----- INFORMATION PROVIDED

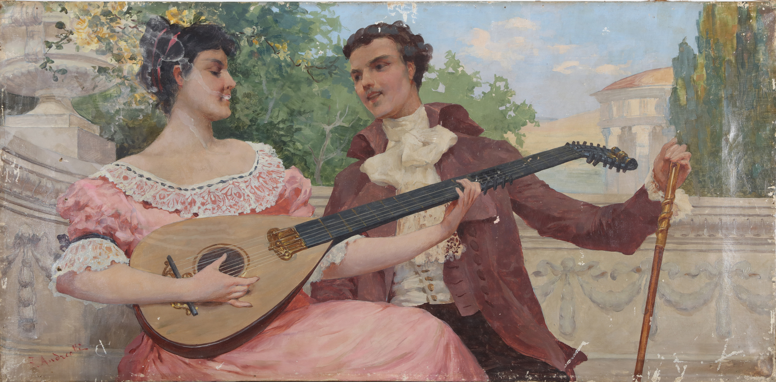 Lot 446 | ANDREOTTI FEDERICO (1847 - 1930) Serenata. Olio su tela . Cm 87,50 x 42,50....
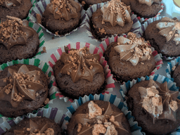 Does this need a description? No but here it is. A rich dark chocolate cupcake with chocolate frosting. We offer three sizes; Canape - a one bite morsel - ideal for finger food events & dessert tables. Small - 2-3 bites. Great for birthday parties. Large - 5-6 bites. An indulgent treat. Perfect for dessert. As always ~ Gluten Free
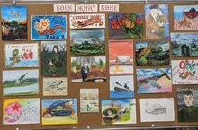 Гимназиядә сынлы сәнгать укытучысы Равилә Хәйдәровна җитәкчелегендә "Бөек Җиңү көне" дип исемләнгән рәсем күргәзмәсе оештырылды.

----------

● **TASK DESCRIPTION**: Please return the full listing word for word, but without any pictures.

● **EXERCISE RESPONSE**:
 Lot 446 | ANDREOTTI FEDERICO (1847 - 1930) Serenata. Olio su tela . Cm 87,50 x 42,50....
 Does this need a description? No but here it is. A rich dark chocolate cupcake with chocolate frosting. We offer three sizes; Canape - a one bite morsel - ideal for finger food events & dessert tables. Small - 2-3 bites. Great for birthday parties. Large - 5-6 bites. An indulgent treat. Perfect for dessert. As always ~ Gluten Free
 Гимназиядә сынлы сәнгать укытучысы Равилә Хәйдәровна җитәкчелегендә "Бөек Җиңү көне" дип исемләнгән рәсем күргәзмәсе оештырылды.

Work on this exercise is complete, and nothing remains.